Durant son mandat, Michael Griffin a formulé une critique non déguisée vis-à- vis des employés de son institution qui se répandent en propos alarmistes et fortement politisés dans les médias (Tels James Hansen ou Gavin Schmidt). Voici ce qu’a dit Michael Griffin :
« La responsabilité de la NASA est de recueillir des données qui sont utilisées par la communauté scientifique et les responsables politiques dans le cadre d’une discussion en cours concernant l’évolution de la planète » … « Ce n’est
pas la mission de la NASA de déterminer les politiques concernant de possibles stratégies de réduction des effets du changement climatique ».
Pour sa part, Walter Cunningham, scientifique astronaute et signataire de la lettre, a témoigné que :
« Dans l’environnement politiquement correct actuel, beaucoup sont réticents à s’élever contre la croyance populaire et quand ils le font, ils sont le plus souvent ignorés. Lorsque l’Administrateur de la NASA, Michael Griffin (voir ici), le patron de Hansen, et qui est lui-même un éminent scientifique, a tenté d’établir une distinction entre la vision politique et personnelle de Hansen d’une part et celle de la science effectuée par l’agence (NdT : la NASA) d’autre part, il a été contraint de faire marche arrière. »

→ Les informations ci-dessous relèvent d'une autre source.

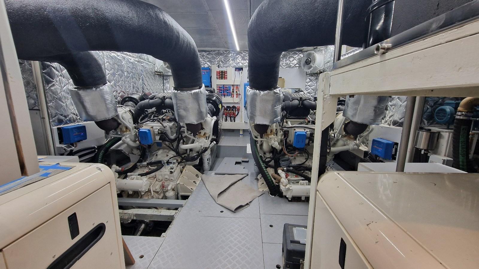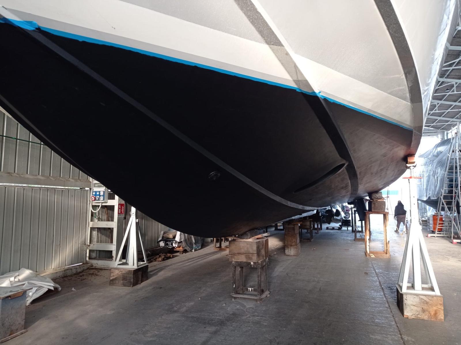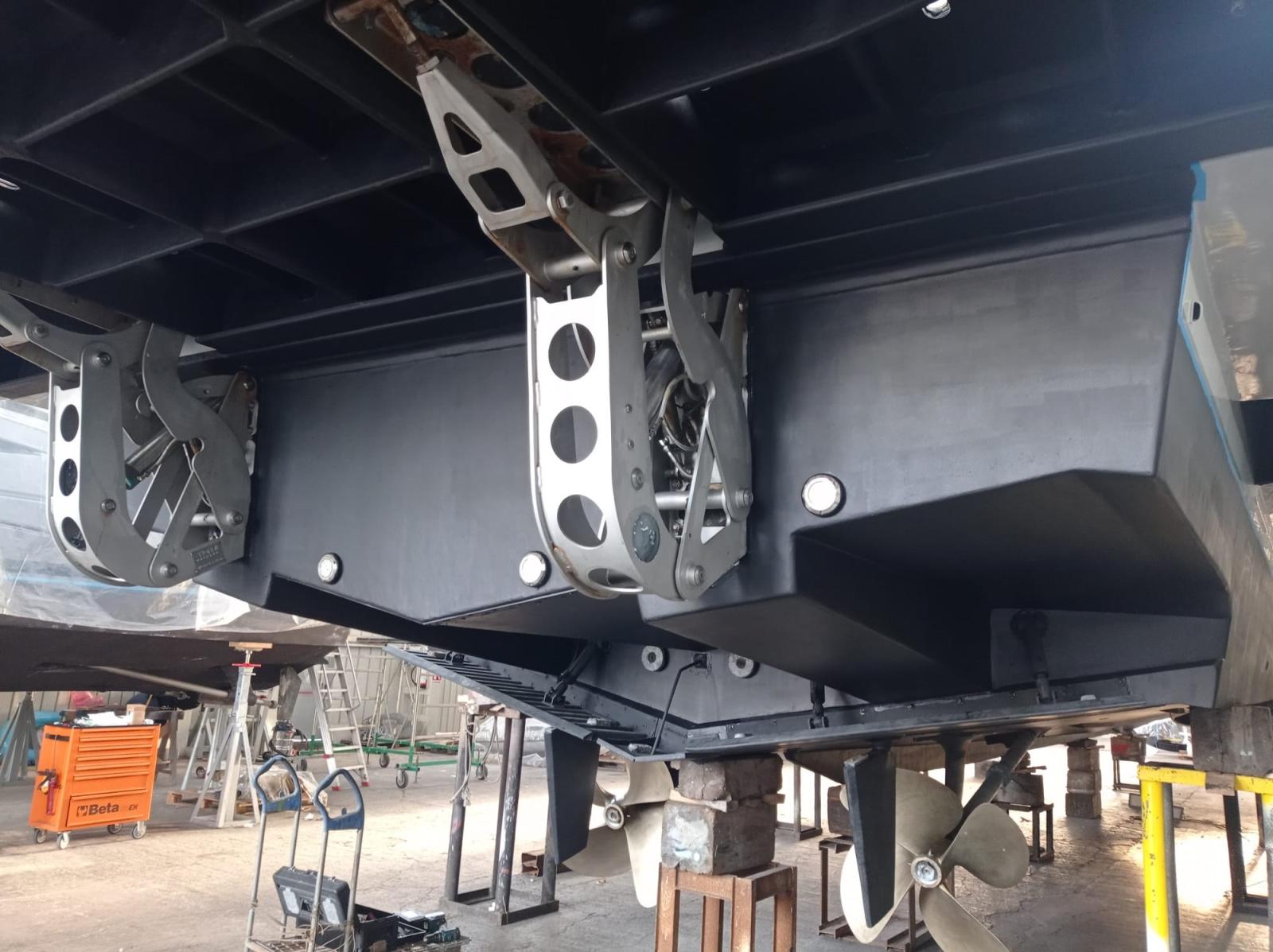 Imbarcazione che ha appena terminato un refit totale (verniciatura, impianto elettrico, carena a zero, sostituzione motori con n. 2 CAT da 1.670 hp ciascuno, pinne stabilizzatrici, tender lift con pedana di poppa maggiorata, poppa ricostruita con scale, ecc).
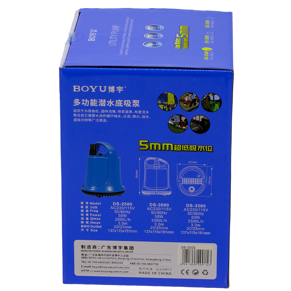 Погружной насос Boyu DS-2500 предназначен для перекачки воды в аквариуме, пруду, баках и в других емкостях.
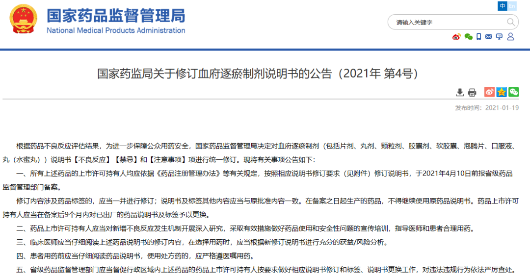 關(guān)于修訂血府逐瘀制劑說明書的公告(2021年 第4號)
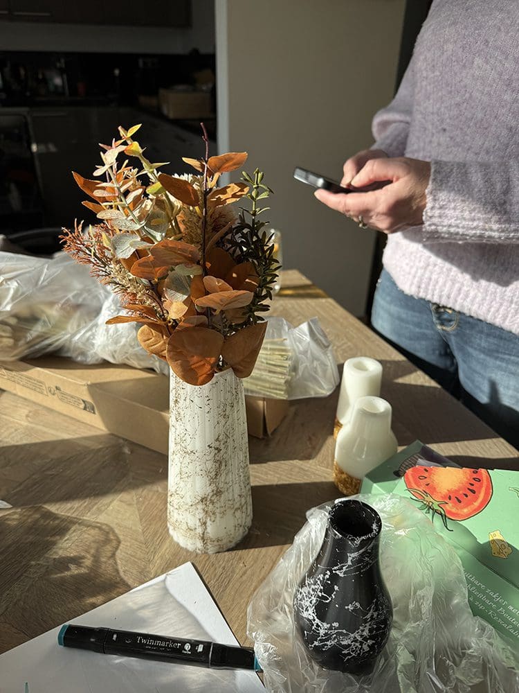 En we hebben nieuwe bloemen om in onze vaasjes te doen. Hoe leuk staat dit?!

L’un des signataires de la lettre ci-dessus nous éclaire sur, au moins, une des motivations des signataires de la lettre ci-dessus, sur le blog de Judy Curry :
Harold H Doiron, PhD | April 14, 2012 at 5:47 pm | Reply
„En tant qu’un des signataires de la « Lettre à Bolden » nous avons pensé qu’il était important que les employés de haut niveau de la NASA au GISS (NdT : C’est clairement J. Hansen et G. Schmidt qui sont visés) soient contestés par rapport à leurs affirmations au grand public qui ressemblent plus à de la propagande qu’à une analyse objective des tendances actuelles du réchauffement climatique.
Les déclarations venant du plus haut responsable de la base de données du GISS de la NASA ont affirmé au grand public que « 2011 était la 9ème année la plus chaude dans les enregistrements historiques » alors qu’une description plus précise et plus riche en informations aurait dû être « durant l’année 2011, la température globale moyenne est restée stable ou a légèrement baissé depuis son niveau de 1998 » ce qui serait plus convenable vis à vis de la réputation scientifique de la NASA que les vétérans se sont efforcé d’établir. Est-ce que vos lecteurs sont d’accord avec nous que la réputation scientifique de la NASA est mise à mal par de telles déclarations alarmistes venant du
responsable de la science climatique à la NASA ?“

Effectivement, comme je l’avais fait remarquer, tout est dans la présentation des résultats des mesures…
J’ajoute que, tout comme James Hansen, Michel Jarraud de l’OMM s’est également fait une spécialité (reprise par tous les médias) d’indiquer le classement de la température dans le contexte des données historiques. Un tel classement est trompeur et ne signifie rien quant à l’évolution actuelle des températures. Il est beaucoup plus utile de préciser la tendance de l’évolution de la température dans le cadre (au moins) de la dernière décennie ne serait-ce que pour savoir si la température monte, baisse ou reste stable, comme le recommande, en particulier, H. H. Doiron.

2) Compléments et rappels :

3) L’arrière-plan : Le militantisme du responsable du GISS de la NASA.
Beaucoup considèrent que ce sont les déclarations ultra-alarmistes de James Hansen
devant le Sénat US, en 1988, qui ont véritablement lancé et popularisé le concept du
« réchauffement climatique anthropique ».